Work to be completed: Could you output the entries that follow exactly, omitting any pictures they contain?
──────
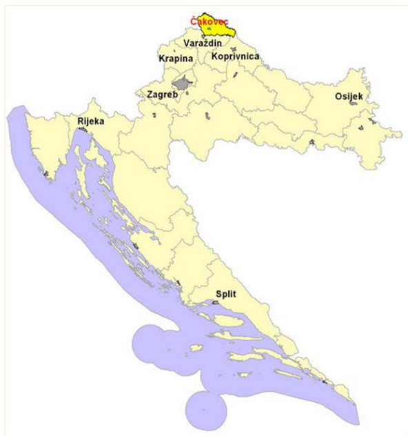
Slika 1. Geoprometni položaj Međimurske županije

Međimurska županija smjestila se na krajnjem sjeveru Republike Hrvatske, između Drave i Mure. Najgušće je naseljena, ali i površinom od 730 km 2 najmanja županija u Republici Hrvatskoj. Prema Popisu stanovništva iz 2011. godine, županija ima 113.804 stanovnika. Graniči s Varaždinskom i Koprivničko-križevačkom županijom te s dvije članice Europske unije, Slovenijom i Mađarskom. Ovakav prometni položaj s jedne strane predstavlja prednost (blizina europskog tržišta), a s druge strane i nedostatak, s obzirom na postojanje šengenskog režima na granicama sa susjednim zemljama. Može se dakle konstatirati da područje cijele županije pa tako i Općine Gornji Mihaljevec posjeduje povoljan tranzitni geoprometni i geopolitički položaj, a da je s druge strane to tipično pogranično područje koje karakterizira postojanje državne granice kao fizičke prepreke u ukupnom prirodnom radijusu kretanja (Sl. 1.). Čakovec je administrativno, gospodarsko, prometno i kulturno središte Međimurske županije. Prema NUTS kategoriji, Međimurska županija pripada Kontinentalnoj Hrvatskoj. Čini je 3 grada (Čakovec, Prelog i Mursko Središće), 22 općine i 131 naselje.
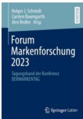
Forum Markenforschung 2023 Ladenpreis: 102,79EUR
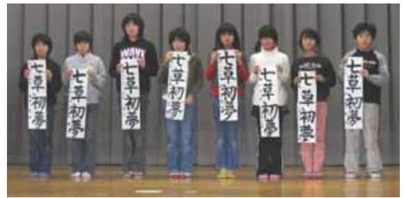
小学六年 「七草初夢」
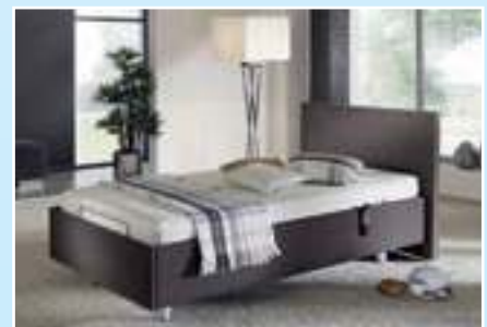
Stufenlose Anhebung um bis zu 38 cm – Maximale Höhe mit Matratze 100 cm Polsterbett „Meran“
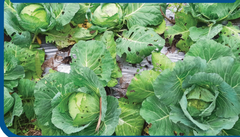
Kubis yang tidak menggunakan Cimegra
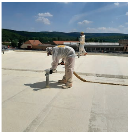
Nástřik detailu rektifikační patky
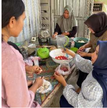
Gambar 3. Menghaluskan singkong dan rempah-rempah serta bumbu.
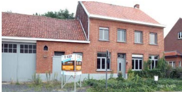
Rhode, Testelt : Hier hebben ze eigenaar Herman VL de stuipen op het lijf gejaagd, het is ook daar dat de paarden spoorloos verdwenen.

om nog één euro te kunnen recupereren, maar het moet blijken dat hij een verzekering heeft voor dat soort zaken, maar natuurlijk gaat het alleen over bepaalde risico's, "de herstellingen die we hebben moeten laten uitvoeren vallen daar buiten" zegt hij. Het is wel frappant dat zelfs voor het grapje met de
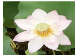
ハチの巣のような花托
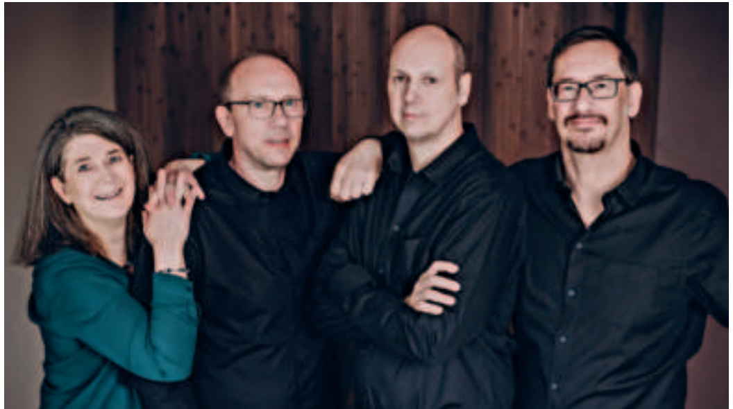
Das Team von Elektro Mainz feiert 50-jähriges Bestehen.

In den letzten 50 Jahren haben wir viele Entwicklungen kommen und gehen sehen, und haben viele Menschen dabei begleitet, ein sicheres
──────
Response box:
Slika 1. Geoprometni položaj Međimurske županije

Međimurska županija smjestila se na krajnjem sjeveru Republike Hrvatske, između Drave i Mure. Najgušće je naseljena, ali i površinom od 730 km 2 najmanja županija u Republici Hrvatskoj. Prema Popisu stanovništva iz 2011. godine, županija ima 113.804 stanovnika. Graniči s Varaždinskom i Koprivničko-križevačkom županijom te s dvije članice Europske unije, Slovenijom i Mađarskom. Ovakav prometni položaj s jedne strane predstavlja prednost (blizina europskog tržišta), a s druge strane i nedostatak, s obzirom na postojanje šengenskog režima na granicama sa susjednim zemljama. Može se dakle konstatirati da područje cijele županije pa tako i Općine Gornji Mihaljevec posjeduje povoljan tranzitni geoprometni i geopolitički položaj, a da je s druge strane to tipično pogranično područje koje karakterizira postojanje državne granice kao fizičke prepreke u ukupnom prirodnom radijusu kretanja (Sl. 1.). Čakovec je administrativno, gospodarsko, prometno i kulturno središte Međimurske županije. Prema NUTS kategoriji, Međimurska županija pripada Kontinentalnoj Hrvatskoj. Čini je 3 grada (Čakovec, Prelog i Mursko Središće), 22 općine i 131 naselje.
Forum Markenforschung 2023 Ladenpreis: 102,79EUR
小学六年 「七草初夢」
Stufenlose Anhebung um bis zu 38 cm – Maximale Höhe mit Matratze 100 cm Polsterbett „Meran“
Kubis yang tidak menggunakan Cimegra
Nástřik detailu rektifikační patky
Gambar 3. Menghaluskan singkong dan rempah-rempah serta bumbu.
Rhode, Testelt : Hier hebben ze eigenaar Herman VL de stuipen op het lijf gejaagd, het is ook daar dat de paarden spoorloos verdwenen.

om nog één euro te kunnen recupereren, maar het moet blijken dat hij een verzekering heeft voor dat soort zaken, maar natuurlijk gaat het alleen over bepaalde risico's, "de herstellingen die we hebben moeten laten uitvoeren vallen daar buiten" zegt hij. Het is wel frappant dat zelfs voor het grapje met de
ハチの巣のような花托
Das Team von Elektro Mainz feiert 50-jähriges Bestehen.

In den letzten 50 Jahren haben wir viele Entwicklungen kommen und gehen sehen, und haben viele Menschen dabei begleitet, ein sicheres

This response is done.